02.04 – Related Entities

For FATCA, an entity is regarded as being related to another entity if one entity controls the other or the two entities are under common control the “related entity group.”

For this purpose, control is taken as including the direct or indirect ownership of more than 50 percent of the vote and value in an entity.

An entity that is a member of a related entity group will not be a Financial Institution if-

  • The entity does not maintain Financial Accounts (other than accounts maintained for members of its related entity group);
  • The entity does not hold an account with or receive U.S. source withholdable payments from any withholding agent other than a member of its related entity group;
  • The entity does not make U.S. source withholdable payments to any person other than to members of its related entity group that are not limited FIs or limited branches; and
  • The entity has not agreed to undertake reporting as a Sponsoring Entity or otherwise act as an agent regarding the Agreement on behalf of any Financial Institution, including a member of its related entity group.
    Related Entities are relevant in the context of the obligations placed on UK Financial Institutions, in respect of any related entities that are Non-Participating Financial Institutions (NPFI).

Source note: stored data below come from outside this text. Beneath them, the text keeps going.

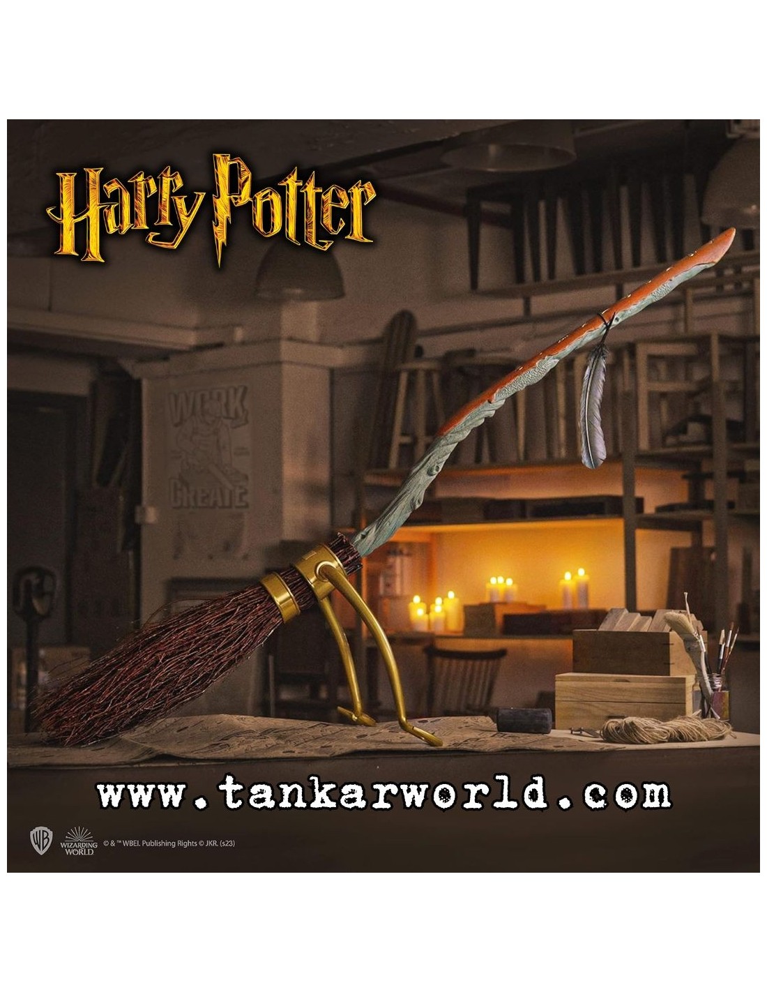 La réplica es a tamaño real, con lo que mide aproximadamente 150 cm de largo y tiene un nivel de detalles alucinante: detalles en metal pulido, anagrama grabado en relieve y las cerdas de la escoba realizadas en madera de sauce llorón.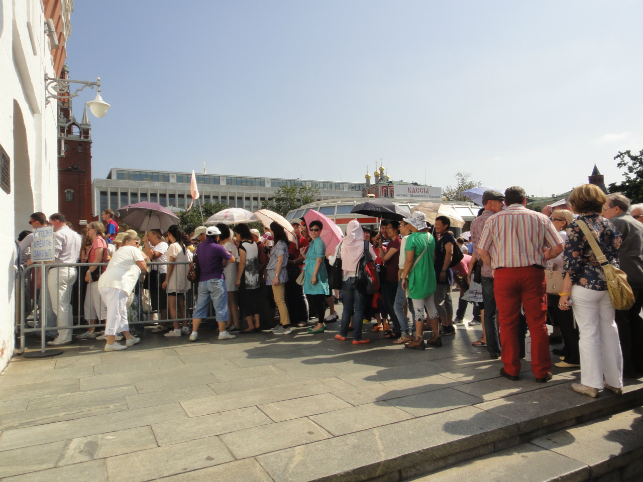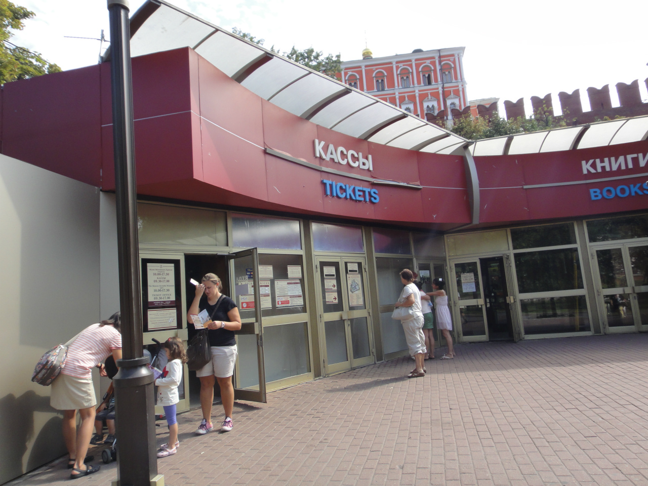 トロイツカヤ塔手前にある「カッサ」で、クレムリン城壁内への入場料、武器庫入場料、ダイヤモンド庫入場料などを支払い、チケットを購入します。それぞれの入場券は別々になっています。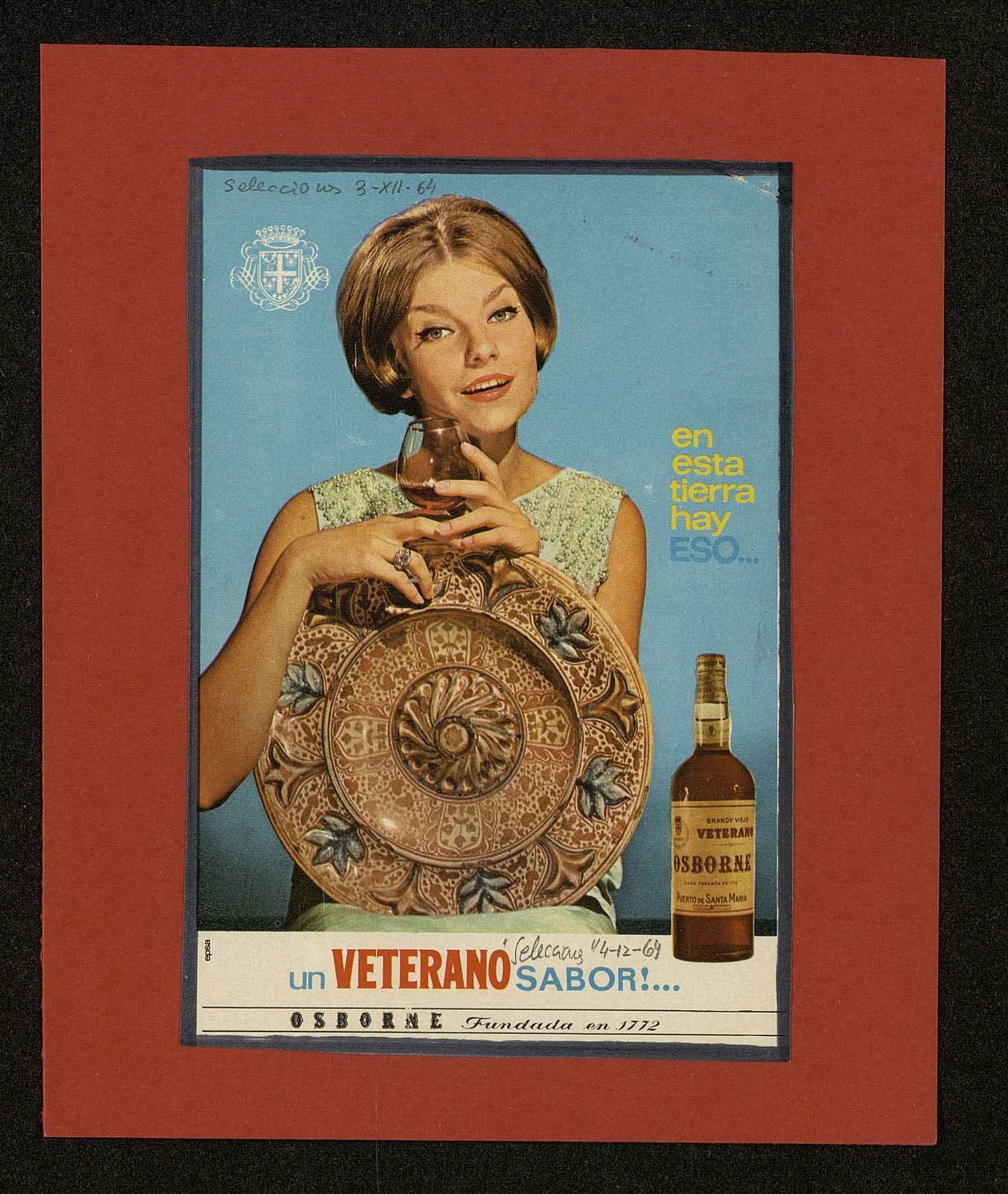 En esta tierra hay eso...un Veterano sabor. Elena Balduque con copa entre las manos y plato de cerámica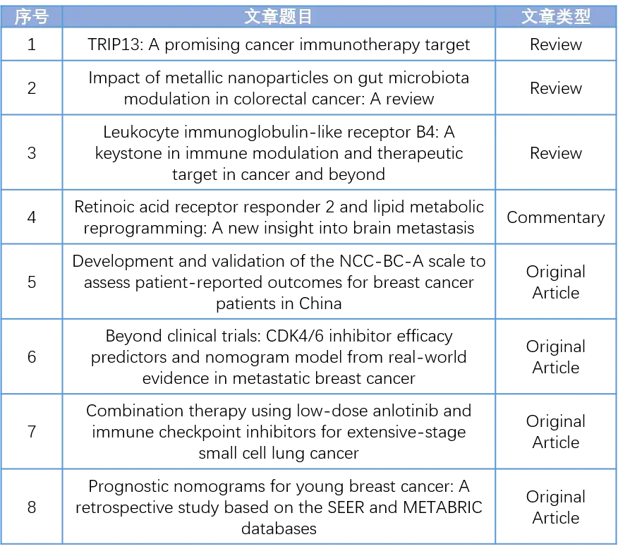 ▸Cancer Innovation是一本聚焦于肿瘤医学前沿的英文期刊,致力于促进医学与工学、信息学、药学、生物学等多学科交叉,引导肿瘤专业与心血管、呼吸、神经、生殖等跨专业融合。

Where a UK Financial Institution has any Related Entities that, as a result of the jurisdictions they operate in, are unable to comply with FATCA, then the UK Financial Institution must treat the related entity as an NPFI and fulfil obligations in respect of that NPFI as set out in Article 4 of the Agreement. Further guidance on these obligations is set out in more detail at Section 9.4.

Exemption for Investment Entities

Investment Entities that have received seed capital from a member of a group to which the Investment Entity belongs will not be considered a Related Entity for the purposes of the Agreement.

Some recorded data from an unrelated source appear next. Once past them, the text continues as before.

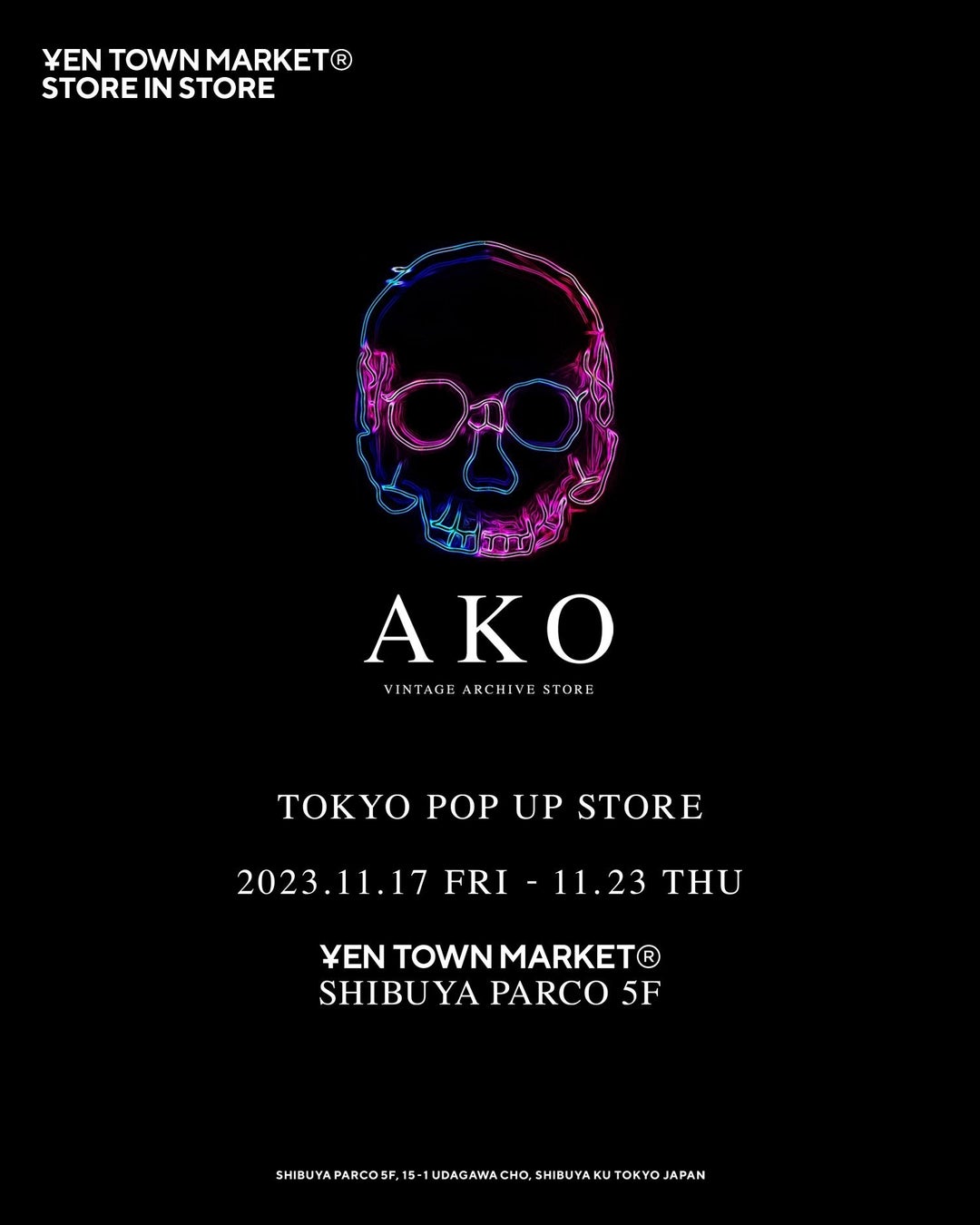 カルチャーショップ「YEN TOWN MARKET®︎」 が、海外セレブもお忍びで通うと噂のヴィンテージショップ「AKO」のPOP UP STOREを11月17日(金)~11月23日(木)の期間で開催。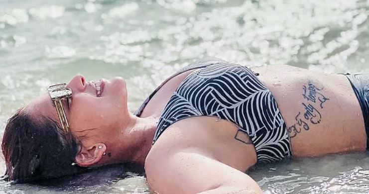 | Tattoo(s) | • On the both wrist: A sun and a crescent moon![]() • On the right ankle: A butterfly ![]() • On the left forearm: A temple shape structure ![]() • On the left ribs: Phrase "The box is only temporary!" ![]() |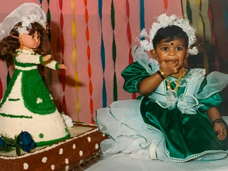 Wir zelebrieren einen tamilischen Kindergeburtstag. Es gibt ein ganzes Buffet an Torten, die wir alle selbst backen. Meine Mama hat zu meinem ersten Geburtstag eine Buttercremetorte gebacken und ein passendes Kleid genäht. An diese Tradition erinnern wir bei dem Community-Event. Mir ist wichtig, Themen wie Migration und kulturelle Identität im Rahmen der Mode rüberzubringen. Es ist zwar eine sehr bunte und kitschige Welt, aber es geht auch um ernsthafte Themen und eine sehr persönliche Geschichte. Wir wollen beide Seiten zeigen: wie schön es sein kann, einen kulturellen Background zu haben, aber auch mit wie vielen Herausforderungen das einher gehen kann.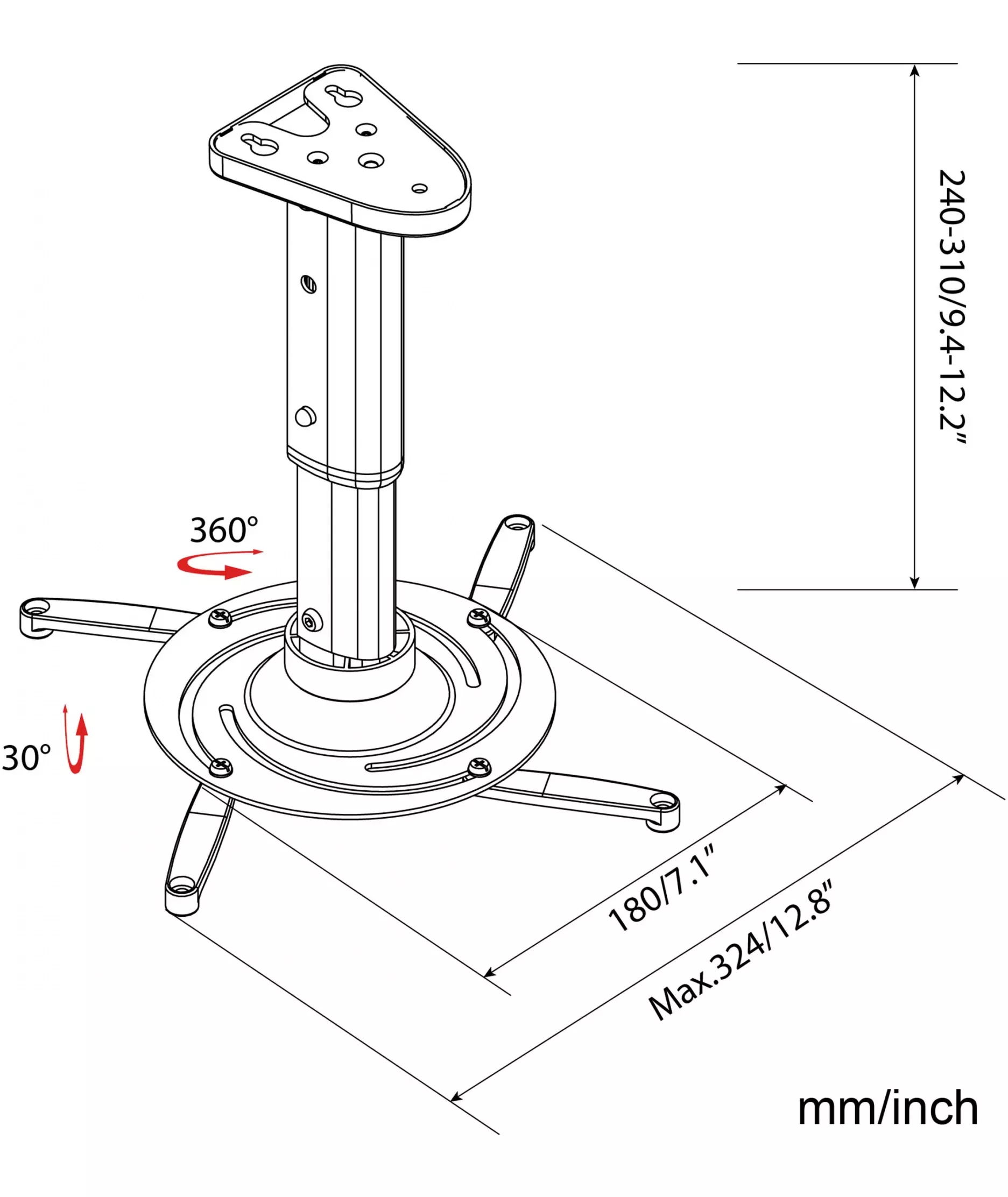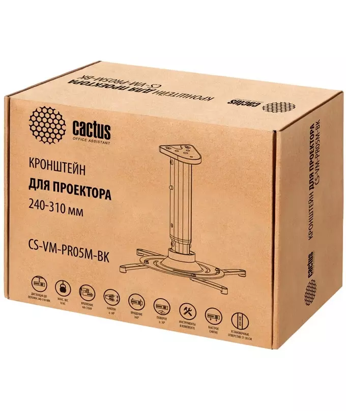 Кронштейн для проектора Cactus CS-VM-PR05M-BK черный макс.10кг потолочный поворот и наклон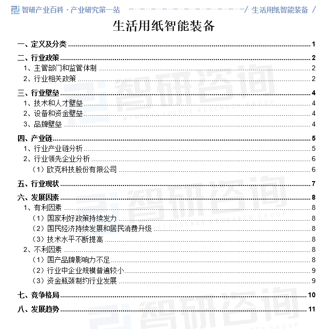 智研财产百科是智研征询推出的产研东西平台,努力于为您供给全方位的百科式财产消息查询办事。智研征询践行用消息驱动财产成长的企业,完美和丰硕企业方,依托财产百科平台提拔消息价值,持续为行业成长及企业投资决策赋能。糊口用纸智能配备财产百科做为糊口用纸智能配备财产一坐式系统化研究东西,全面归纳了糊口用纸智能配备财产学问消息,内容涵盖糊口用纸智能配备财产的定义、分类、政策、财产链、合作款式、成长趋向等,并依托消息手艺成立智能互链的行业学问图谱,为行研从业者及相关投资者供给深切的洞察力和全面的消息。

In general a seed capital investment is an initial capital contribution (that is intended as a temporary investment), made to an Investment Entity. This will generally be for the purposes of establishing a performance record before selling interests in the entity to unrelated investors, or for purposes otherwise deemed appropriate by the manager.

Specifically, an Investment Entity will not be considered a Related Entity as a result of a contribution of seed capital by a member of the group if:

  • the member of the group that provides the seed capital is in the business of providing seed capital to Investment Entities that it intends to sell to unrelated investors;
  • the Investment Entity is created in the course of its business;
  • any equity interest more than 50% of the total value of stock of the Investment Entity is intended to be held for no more than three years from the date of acquisition; and
  • in the case of an equity interest that has been held for over three years, its value is less than 50% of the total value of the stock of the Investment Entity.